Only an exact copy of the listing below will do.

### DATASET EXTRACT ###

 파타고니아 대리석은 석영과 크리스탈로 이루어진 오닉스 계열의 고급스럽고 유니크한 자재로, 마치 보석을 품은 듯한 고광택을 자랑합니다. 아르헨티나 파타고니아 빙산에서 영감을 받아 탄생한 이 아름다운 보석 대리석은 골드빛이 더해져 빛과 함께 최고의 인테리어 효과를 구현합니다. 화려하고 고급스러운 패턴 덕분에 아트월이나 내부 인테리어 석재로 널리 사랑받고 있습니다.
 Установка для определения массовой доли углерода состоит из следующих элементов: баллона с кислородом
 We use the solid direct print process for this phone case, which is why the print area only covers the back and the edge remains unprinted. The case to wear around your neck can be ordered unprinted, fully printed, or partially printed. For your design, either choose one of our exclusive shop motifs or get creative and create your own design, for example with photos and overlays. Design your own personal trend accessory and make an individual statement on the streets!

###

## EXERCISE RESPONSE
 파타고니아 대리석은 석영과 크리스탈로 이루어진 오닉스 계열의 고급스럽고 유니크한 자재로, 마치 보석을 품은 듯한 고광택을 자랑합니다. 아르헨티나 파타고니아 빙산에서 영감을 받아 탄생한 이 아름다운 보석 대리석은 골드빛이 더해져 빛과 함께 최고의 인테리어 효과를 구현합니다. 화려하고 고급스러운 패턴 덕분에 아트월이나 내부 인테리어 석재로 널리 사랑받고 있습니다.
 Установка для определения массовой доли углерода состоит из следующих элементов: баллона с кислородом
 We use the solid direct print process for this phone case, which is why the print area only covers the back and the edge remains unprinted. The case to wear around your neck can be ordered unprinted, fully printed, or partially printed. For your design, either choose one of our exclusive shop motifs or get creative and create your own design, for example with photos and overlays. Design your own personal trend accessory and make an individual statement on the streets!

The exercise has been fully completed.